The Concrete Staple is my invention, an engineered piece of metal that bridges cracks to hold two pieces of concrete together. Overlay can be installed right over the top.
It works while other methods generally fail because it addresses the specific problems of cracked concrete.
The Staple is made from steel with a high-yield strength to overcome the incredible weight and pressures of 4-inch and 5-inch thick slabs of concrete. It’s placed across the crack to not only hold the existing crack together but also to keep the adjacent microcracks from failing and opening up.
It has right angle bends on each end to grip the concrete on either side of the crack. As a result, it does not have to depend on friction only to hold the two pieces of concrete together.
When installed, the Staple bonds the concrete together to counteract against the multidirectional forces that concrete slabs are subject to.
Finally, it’s factory-made from high-yield material. The angled ends have the needed sharp bends to counteract springiness and are precisely lined up so the stresses are balanced.
Critiquing the competition
One way to understand how and why my Staple works is to understand why competing methods eventually fail.
Take the fiberglass tape approach as an example. Concrete is extremely heavy. One yard of 4-inch thick concrete (about 9 by 9 feet) weighs more than 4,000 pounds. Concrete and the ground under it contract and expand with heat and cold, moisture and extreme dryness. Driveways are also subjected to thousands of pounds of vehicles going over them. How can we expect a small piece of fiberglass tape to hold all that weight together? When you think about it, common sense tells you fiberglass tape could not possibly work. And yet, even though it continually fails, some makers of overlay products are still telling contractors to use fiberglass tape.
What about epoxy? Epoxy is super-strong, how could it fail? Once again, with a little knowledge of how concrete breaks and some common sense, you can understand the problem.
When trying to use epoxy to glue concrete together, we have to face some obvious facts. Not only is it nearly impossible to get the crack clean enough for good adhesion, it is very difficult to avoid having hollow areas in the epoxy between the two pieces of concrete.

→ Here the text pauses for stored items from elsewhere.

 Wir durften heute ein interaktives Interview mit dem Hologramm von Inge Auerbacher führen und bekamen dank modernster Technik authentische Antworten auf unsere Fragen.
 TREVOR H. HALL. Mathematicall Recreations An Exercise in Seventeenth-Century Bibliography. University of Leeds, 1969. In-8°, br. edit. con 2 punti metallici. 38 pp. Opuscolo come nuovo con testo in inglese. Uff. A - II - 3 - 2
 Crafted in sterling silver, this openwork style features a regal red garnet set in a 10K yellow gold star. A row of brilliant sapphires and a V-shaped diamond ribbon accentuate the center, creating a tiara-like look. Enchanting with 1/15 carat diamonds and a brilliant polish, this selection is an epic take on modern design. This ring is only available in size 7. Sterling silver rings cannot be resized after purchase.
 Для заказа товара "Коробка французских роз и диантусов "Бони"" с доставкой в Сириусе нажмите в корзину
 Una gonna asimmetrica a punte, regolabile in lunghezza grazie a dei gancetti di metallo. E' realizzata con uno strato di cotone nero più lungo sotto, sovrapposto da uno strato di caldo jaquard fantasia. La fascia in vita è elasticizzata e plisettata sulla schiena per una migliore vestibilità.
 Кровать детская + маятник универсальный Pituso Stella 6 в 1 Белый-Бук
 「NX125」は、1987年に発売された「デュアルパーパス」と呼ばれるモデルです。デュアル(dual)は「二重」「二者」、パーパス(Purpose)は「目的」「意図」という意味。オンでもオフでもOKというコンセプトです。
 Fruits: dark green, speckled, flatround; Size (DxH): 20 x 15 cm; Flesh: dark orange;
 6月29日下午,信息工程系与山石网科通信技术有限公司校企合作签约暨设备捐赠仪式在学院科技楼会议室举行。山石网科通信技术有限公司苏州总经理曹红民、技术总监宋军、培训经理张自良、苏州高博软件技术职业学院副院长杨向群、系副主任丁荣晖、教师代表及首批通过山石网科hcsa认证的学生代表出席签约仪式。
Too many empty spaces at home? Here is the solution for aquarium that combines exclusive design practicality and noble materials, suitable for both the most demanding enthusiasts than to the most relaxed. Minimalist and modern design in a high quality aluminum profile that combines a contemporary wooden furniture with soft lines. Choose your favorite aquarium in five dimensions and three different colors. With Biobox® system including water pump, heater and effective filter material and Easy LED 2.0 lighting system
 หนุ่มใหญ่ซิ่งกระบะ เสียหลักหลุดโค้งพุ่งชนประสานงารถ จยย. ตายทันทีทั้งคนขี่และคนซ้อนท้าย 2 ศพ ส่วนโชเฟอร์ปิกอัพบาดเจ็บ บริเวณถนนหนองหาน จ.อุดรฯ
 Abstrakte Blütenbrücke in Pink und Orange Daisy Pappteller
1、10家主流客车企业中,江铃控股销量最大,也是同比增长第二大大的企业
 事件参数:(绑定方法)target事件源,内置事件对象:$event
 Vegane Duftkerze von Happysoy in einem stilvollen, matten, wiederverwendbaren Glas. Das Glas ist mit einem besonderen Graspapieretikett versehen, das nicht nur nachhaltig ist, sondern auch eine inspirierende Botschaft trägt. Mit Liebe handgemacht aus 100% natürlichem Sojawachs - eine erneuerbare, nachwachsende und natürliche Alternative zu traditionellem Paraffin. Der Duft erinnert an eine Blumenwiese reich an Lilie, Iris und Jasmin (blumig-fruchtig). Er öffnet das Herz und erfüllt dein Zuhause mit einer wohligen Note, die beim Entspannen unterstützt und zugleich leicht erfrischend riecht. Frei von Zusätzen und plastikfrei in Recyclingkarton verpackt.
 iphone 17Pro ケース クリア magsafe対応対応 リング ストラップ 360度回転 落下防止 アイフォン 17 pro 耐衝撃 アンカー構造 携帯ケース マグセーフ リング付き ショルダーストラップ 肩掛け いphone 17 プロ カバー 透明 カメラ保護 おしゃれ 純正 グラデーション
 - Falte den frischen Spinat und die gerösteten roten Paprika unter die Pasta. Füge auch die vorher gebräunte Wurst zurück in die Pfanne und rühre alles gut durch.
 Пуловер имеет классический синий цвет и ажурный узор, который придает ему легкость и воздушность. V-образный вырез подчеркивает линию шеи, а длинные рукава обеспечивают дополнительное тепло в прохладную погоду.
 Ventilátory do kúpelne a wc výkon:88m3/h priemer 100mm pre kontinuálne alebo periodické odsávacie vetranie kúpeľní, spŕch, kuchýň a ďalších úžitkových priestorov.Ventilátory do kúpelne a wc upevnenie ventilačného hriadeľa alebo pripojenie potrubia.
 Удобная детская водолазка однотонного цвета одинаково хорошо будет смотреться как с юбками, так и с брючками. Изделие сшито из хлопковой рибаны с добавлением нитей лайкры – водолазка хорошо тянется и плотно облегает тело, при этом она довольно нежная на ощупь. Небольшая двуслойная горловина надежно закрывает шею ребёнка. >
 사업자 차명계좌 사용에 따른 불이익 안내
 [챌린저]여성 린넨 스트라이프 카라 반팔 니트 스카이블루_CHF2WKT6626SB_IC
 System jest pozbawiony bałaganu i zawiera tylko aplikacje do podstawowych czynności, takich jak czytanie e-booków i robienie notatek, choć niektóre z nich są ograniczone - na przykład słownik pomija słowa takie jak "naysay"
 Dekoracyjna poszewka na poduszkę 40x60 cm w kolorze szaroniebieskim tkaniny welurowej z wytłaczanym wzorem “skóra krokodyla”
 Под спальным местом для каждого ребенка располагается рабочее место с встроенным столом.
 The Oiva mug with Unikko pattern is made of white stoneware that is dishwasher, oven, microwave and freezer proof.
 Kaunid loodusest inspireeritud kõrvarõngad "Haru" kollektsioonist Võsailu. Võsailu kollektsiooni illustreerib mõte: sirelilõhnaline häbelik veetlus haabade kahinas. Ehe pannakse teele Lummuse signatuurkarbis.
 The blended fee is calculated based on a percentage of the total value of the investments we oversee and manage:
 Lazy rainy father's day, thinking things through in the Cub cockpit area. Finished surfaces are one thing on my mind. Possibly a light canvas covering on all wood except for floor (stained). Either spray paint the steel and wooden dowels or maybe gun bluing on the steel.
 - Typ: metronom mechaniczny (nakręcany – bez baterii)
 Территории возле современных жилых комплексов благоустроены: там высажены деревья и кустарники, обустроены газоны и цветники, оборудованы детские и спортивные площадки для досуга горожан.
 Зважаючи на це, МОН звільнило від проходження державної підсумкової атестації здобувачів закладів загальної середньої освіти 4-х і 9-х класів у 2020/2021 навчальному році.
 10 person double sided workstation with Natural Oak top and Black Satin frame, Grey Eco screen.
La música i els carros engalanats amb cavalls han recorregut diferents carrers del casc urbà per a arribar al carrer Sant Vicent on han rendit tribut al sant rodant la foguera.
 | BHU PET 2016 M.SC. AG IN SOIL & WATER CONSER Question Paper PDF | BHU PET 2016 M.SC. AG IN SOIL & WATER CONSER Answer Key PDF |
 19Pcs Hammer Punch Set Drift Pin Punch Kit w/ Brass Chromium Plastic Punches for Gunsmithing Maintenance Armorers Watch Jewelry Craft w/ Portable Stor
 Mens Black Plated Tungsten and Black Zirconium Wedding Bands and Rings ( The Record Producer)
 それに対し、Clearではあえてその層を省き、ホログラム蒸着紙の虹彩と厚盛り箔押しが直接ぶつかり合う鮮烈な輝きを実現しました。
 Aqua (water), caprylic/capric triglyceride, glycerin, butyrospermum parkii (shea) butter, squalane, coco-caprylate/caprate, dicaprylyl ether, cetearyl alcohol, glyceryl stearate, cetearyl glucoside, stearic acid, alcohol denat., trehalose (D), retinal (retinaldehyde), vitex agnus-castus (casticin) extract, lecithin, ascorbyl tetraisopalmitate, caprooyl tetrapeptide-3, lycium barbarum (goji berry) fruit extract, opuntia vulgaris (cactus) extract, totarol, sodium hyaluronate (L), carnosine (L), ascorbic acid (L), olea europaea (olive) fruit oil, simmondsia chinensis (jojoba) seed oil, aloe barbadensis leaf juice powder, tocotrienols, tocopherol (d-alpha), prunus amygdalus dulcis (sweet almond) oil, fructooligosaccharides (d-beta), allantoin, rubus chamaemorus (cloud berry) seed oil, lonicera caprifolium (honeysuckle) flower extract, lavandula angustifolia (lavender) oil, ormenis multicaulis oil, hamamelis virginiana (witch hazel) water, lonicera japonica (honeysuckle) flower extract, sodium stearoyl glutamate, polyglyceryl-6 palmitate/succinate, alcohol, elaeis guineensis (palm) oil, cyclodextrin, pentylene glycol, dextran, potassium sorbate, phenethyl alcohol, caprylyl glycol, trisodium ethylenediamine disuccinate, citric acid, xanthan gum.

However, even if you could overcome these problems, epoxy still doesn’t work consistently. Why? Because when concrete does break under pressure, creating a crack, there are a number of microcracks created by that same pressure, running parallel along the visual crack. The epoxy won’t actually fail, but adjacent microcracks will fail, usually on both sides, and it will appear as though the epoxy failed.
How about stitching with pieces of rebar? Like epoxy, stitching is a step in the right direction. It just doesn’t address all the problems you need to overcome to keep a crack in concrete from coming back. Stitching depends totally on friction. The epoxy and the piece of rebar have only friction to hold them from slipping. Over the years it has not proven to be consistently adequate.
The secret of the bends
Our Concrete Staple has a sharp bend on each end that acts like a double-ended foundation bolt. It doesn’t depend on friction only. In order to match the strength of those ends with friction only you would need a considerable length of rebar on either side of the crack. Trying to match the strength of the Concrete Staple with long pieces of rebar would be too expensive and require too much work.
The Staple locks both the visual crack and the microcracks together. Like stitching, it goes across the crack, and we still advise using epoxy during the staple installation and in the crack itself. The Staple not only keeps the concrete from pulling apart, it also addresses the side-to-side, lateral and heaving pressures concrete slabs are subjected to. In short, it ties the concrete back together.
Why not simply bend rebar into the same shape and use that? We tried that. When I first thought of the idea of a steel rod with a bend at both ends, I went to the store to buy one. I was sure something like that had already been thought of. However, no one had them or had ever heard of anything like it. So I went to a steel fabricator and had them made. The fabricator decided we needed a very strong piece of metal with high-yield strength to do the job. They worked perfectly. However, they were rather expensive.
So when we ran out of the ones they had made, we decided to make our own out of 3/8-inch rebar. When those failed, we went to 1⁄2-inch rebar. They also failed. Working with a testing laboratory, we discovered the reasons for the failures.
It turns out schedule 40 rebar doesn’t have the needed yield strength to do the job and grade 60 was too difficult to work with. Yield strength determines when the steel begins to stretch. When it stretches under pressure naturally, the crack opens up again.
There was also a physical problem with the bends. When you hand-bend rebar, the bend is rounded. This roundness allows for more stretch, which only helps the crack reopen under pressure. We were also advised that if the bends were not lined up with the preciseness of a factory right-angle bend you would lose even more efficiency of yield.
The final answer was to get a factory-made staple using a high-grade, high-yield-strength metal. Our Concrete Staple tests out at a higher yield strength than grade 60 rebar.